[Start of section]

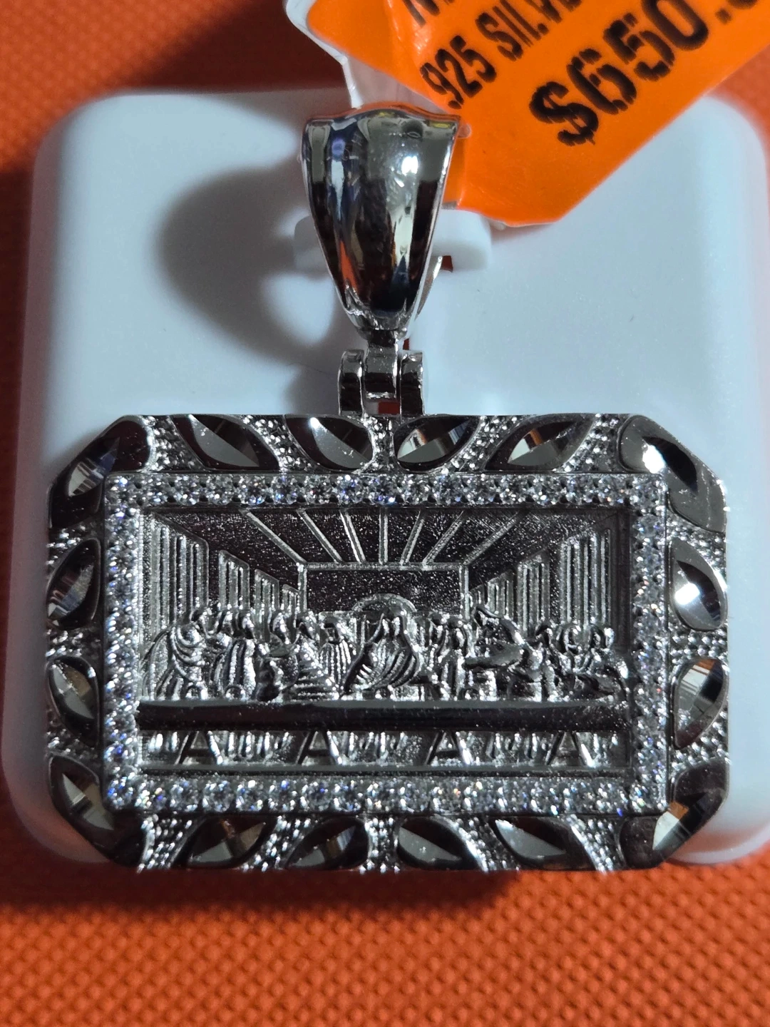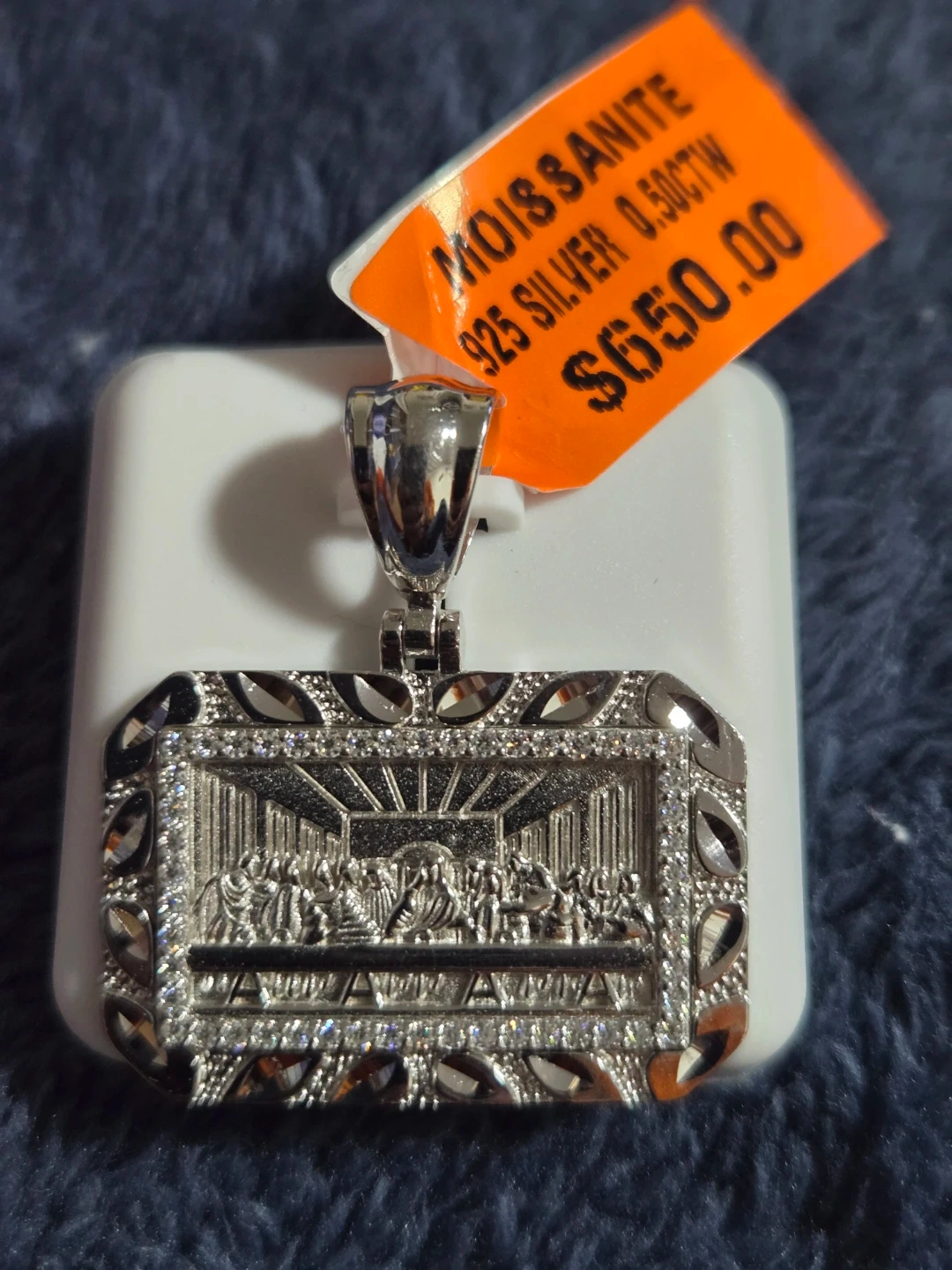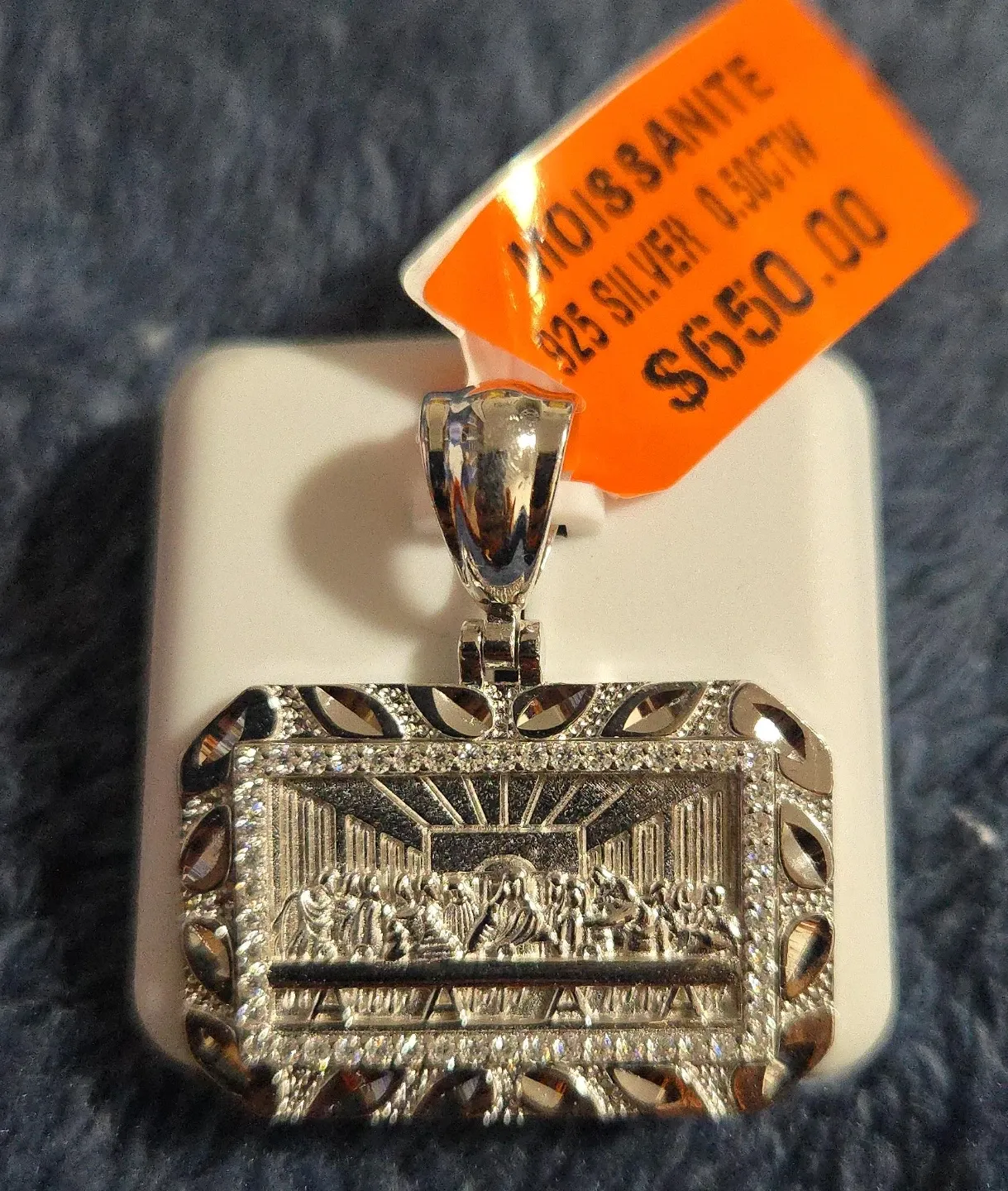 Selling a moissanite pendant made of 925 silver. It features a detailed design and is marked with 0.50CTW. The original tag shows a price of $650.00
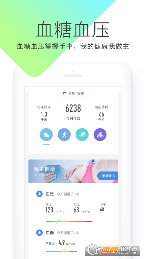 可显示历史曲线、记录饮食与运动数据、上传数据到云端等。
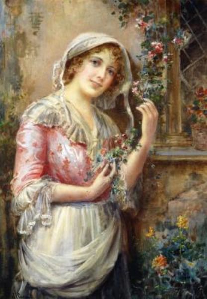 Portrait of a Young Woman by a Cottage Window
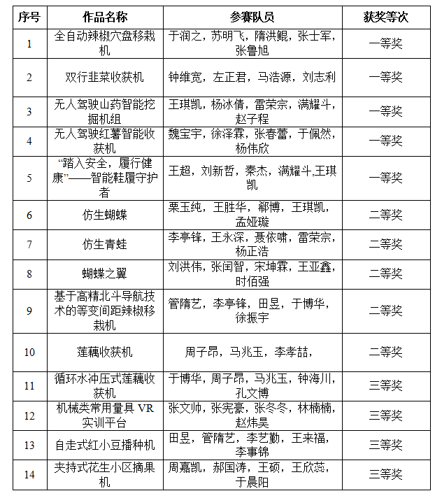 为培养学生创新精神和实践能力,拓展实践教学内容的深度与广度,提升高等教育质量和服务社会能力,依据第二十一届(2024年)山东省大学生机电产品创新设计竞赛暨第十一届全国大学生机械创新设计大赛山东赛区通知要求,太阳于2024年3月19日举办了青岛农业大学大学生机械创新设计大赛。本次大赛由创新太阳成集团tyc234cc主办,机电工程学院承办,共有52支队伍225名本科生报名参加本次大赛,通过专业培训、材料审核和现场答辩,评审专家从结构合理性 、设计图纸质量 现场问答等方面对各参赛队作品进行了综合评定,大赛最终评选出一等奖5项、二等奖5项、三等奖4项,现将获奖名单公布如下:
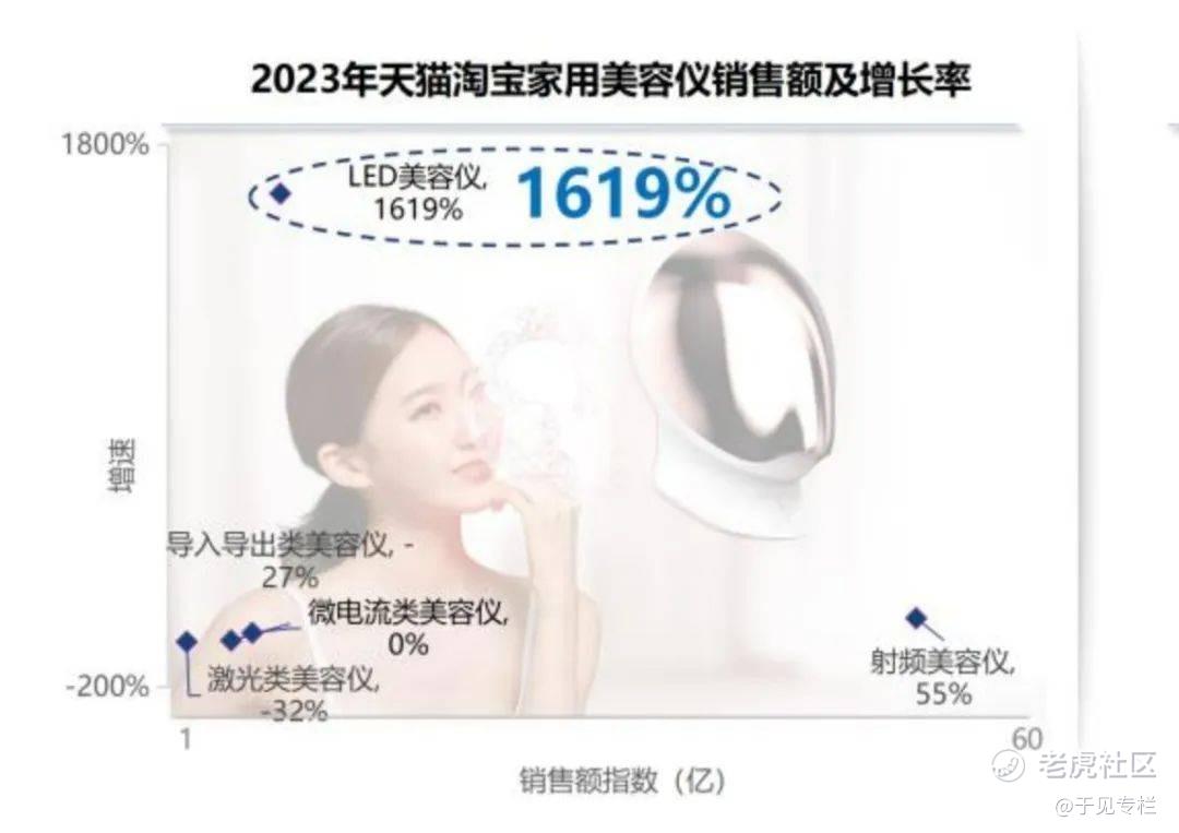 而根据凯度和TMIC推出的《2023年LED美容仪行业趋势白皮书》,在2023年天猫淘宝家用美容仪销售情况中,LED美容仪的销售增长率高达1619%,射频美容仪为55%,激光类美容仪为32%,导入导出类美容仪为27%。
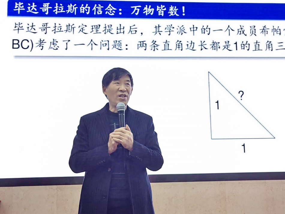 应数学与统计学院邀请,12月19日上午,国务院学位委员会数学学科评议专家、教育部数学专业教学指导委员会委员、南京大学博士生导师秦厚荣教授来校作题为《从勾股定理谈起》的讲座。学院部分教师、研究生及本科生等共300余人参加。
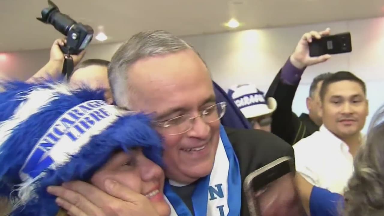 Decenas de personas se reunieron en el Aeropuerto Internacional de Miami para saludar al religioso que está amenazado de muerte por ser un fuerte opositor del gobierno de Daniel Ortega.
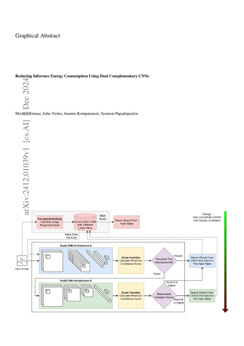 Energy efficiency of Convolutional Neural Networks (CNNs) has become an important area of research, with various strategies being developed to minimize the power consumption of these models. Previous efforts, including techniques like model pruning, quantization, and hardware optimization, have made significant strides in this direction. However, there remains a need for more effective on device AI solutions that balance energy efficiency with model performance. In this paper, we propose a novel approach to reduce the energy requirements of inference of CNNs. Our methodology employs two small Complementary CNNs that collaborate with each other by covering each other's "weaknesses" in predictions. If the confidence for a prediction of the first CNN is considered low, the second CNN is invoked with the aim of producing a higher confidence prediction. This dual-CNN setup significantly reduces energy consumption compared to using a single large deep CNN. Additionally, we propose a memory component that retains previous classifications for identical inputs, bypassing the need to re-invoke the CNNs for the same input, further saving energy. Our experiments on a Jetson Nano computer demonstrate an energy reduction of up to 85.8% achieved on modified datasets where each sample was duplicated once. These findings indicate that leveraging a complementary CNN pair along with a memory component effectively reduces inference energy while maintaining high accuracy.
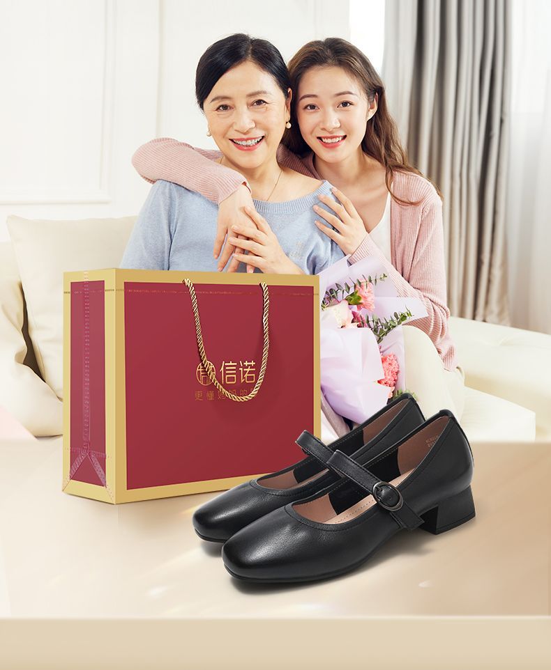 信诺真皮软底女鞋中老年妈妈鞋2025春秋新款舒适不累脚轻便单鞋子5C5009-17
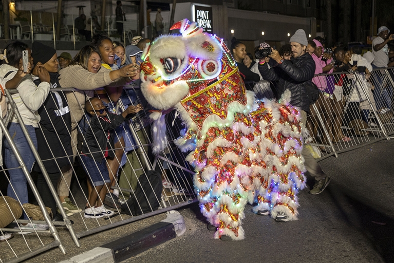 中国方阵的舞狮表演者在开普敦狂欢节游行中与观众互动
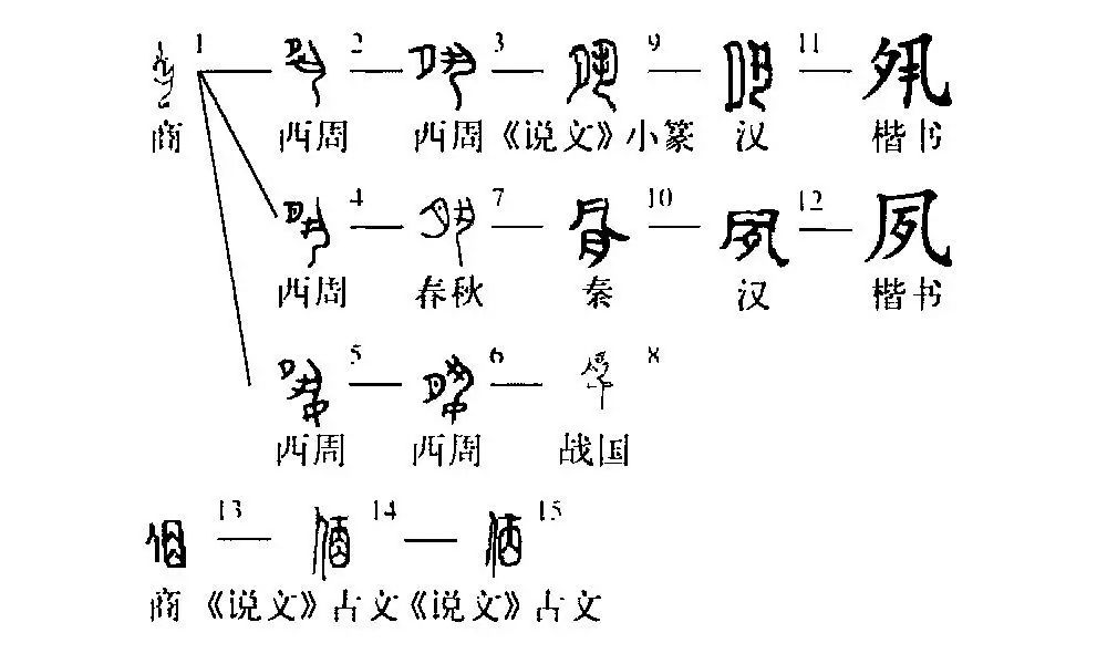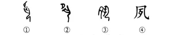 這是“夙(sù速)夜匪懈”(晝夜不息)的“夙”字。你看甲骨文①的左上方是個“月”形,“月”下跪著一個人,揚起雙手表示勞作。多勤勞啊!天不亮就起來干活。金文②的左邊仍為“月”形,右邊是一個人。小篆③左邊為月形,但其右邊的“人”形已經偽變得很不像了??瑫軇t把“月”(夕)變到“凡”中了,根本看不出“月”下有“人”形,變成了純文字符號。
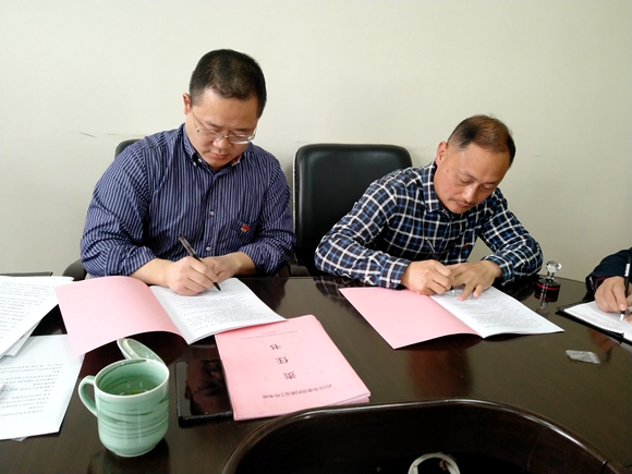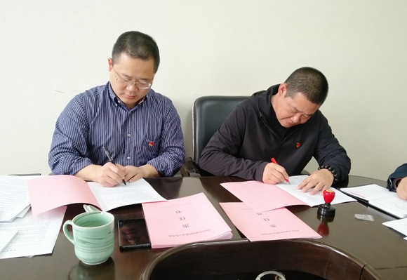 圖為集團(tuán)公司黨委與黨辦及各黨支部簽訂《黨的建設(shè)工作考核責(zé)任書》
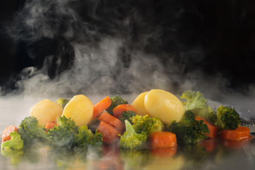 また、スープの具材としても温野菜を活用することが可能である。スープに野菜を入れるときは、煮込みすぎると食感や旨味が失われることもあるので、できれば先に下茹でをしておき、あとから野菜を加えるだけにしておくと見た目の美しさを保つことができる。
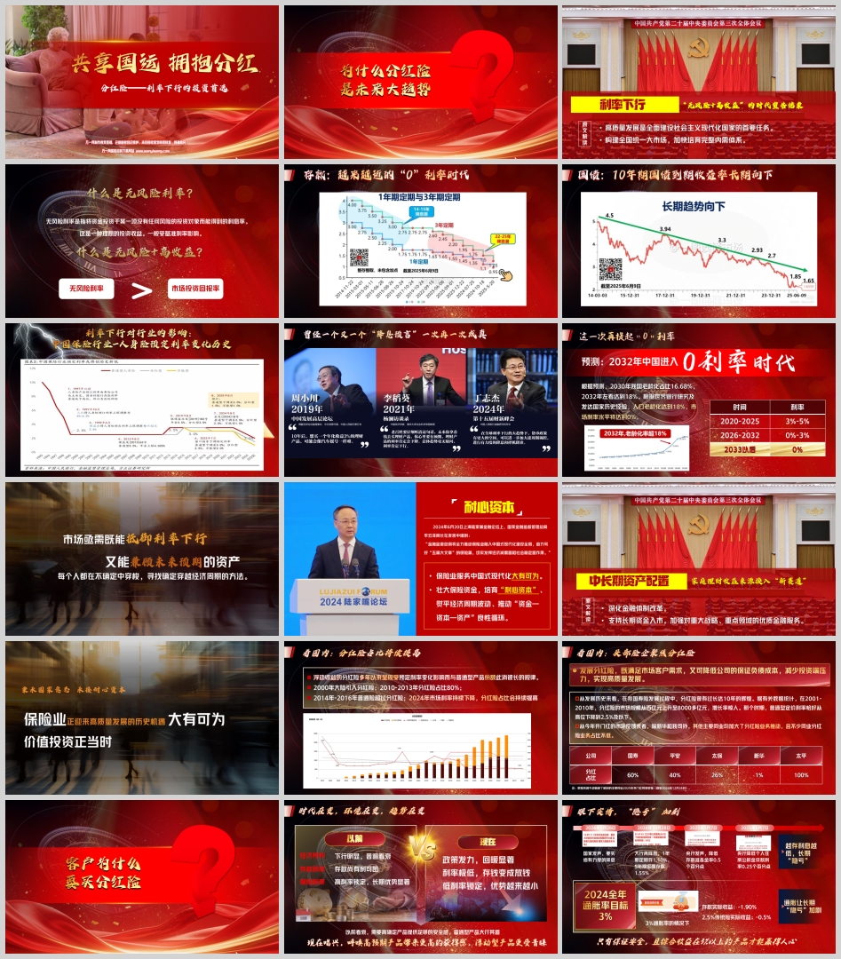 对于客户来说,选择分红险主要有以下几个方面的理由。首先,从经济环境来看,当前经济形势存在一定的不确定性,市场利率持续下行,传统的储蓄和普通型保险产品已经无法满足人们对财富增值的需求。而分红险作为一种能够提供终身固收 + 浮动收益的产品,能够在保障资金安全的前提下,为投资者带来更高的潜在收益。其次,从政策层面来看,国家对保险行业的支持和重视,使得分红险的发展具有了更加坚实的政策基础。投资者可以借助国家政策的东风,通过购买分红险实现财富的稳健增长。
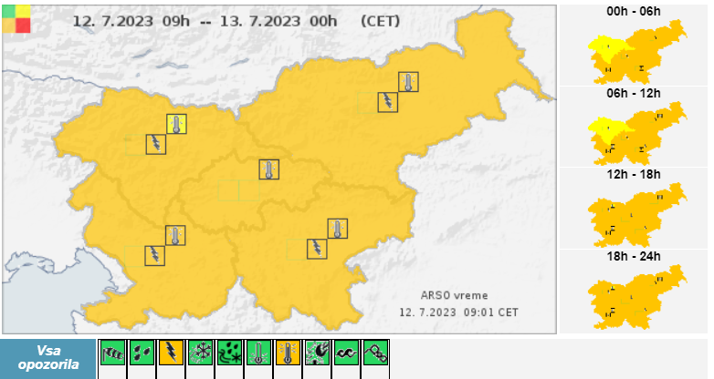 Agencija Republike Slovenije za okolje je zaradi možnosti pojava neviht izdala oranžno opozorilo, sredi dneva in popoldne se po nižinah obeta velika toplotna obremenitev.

[End of section]

__WHAT YOU HAVE TO DO__
Pictures should not appear in the copy. Write out exactly the lines above from the first one through the line that contains "而根据凯度和TMIC推出的《".

__FINAL ANSWER__
 Selling a moissanite pendant made of 925 silver. It features a detailed design and is marked with 0.50CTW. The original tag shows a price of $650.00
 可显示历史曲线、记录饮食与运动数据、上传数据到云端等。
 Portrait of a Young Woman by a Cottage Window
 为培养学生创新精神和实践能力,拓展实践教学内容的深度与广度,提升高等教育质量和服务社会能力,依据第二十一届(2024年)山东省大学生机电产品创新设计竞赛暨第十一届全国大学生机械创新设计大赛山东赛区通知要求,太阳于2024年3月19日举办了青岛农业大学大学生机械创新设计大赛。本次大赛由创新太阳成集团tyc234cc主办,机电工程学院承办,共有52支队伍225名本科生报名参加本次大赛,通过专业培训、材料审核和现场答辩,评审专家从结构合理性 、设计图纸质量 现场问答等方面对各参赛队作品进行了综合评定,大赛最终评选出一等奖5项、二等奖5项、三等奖4项,现将获奖名单公布如下:
 而根据凯度和TMIC推出的《2023年LED美容仪行业趋势白皮书》,在2023年天猫淘宝家用美容仪销售情况中,LED美容仪的销售增长率高达1619%,射频美容仪为55%,激光类美容仪为32%,导入导出类美容仪为27%。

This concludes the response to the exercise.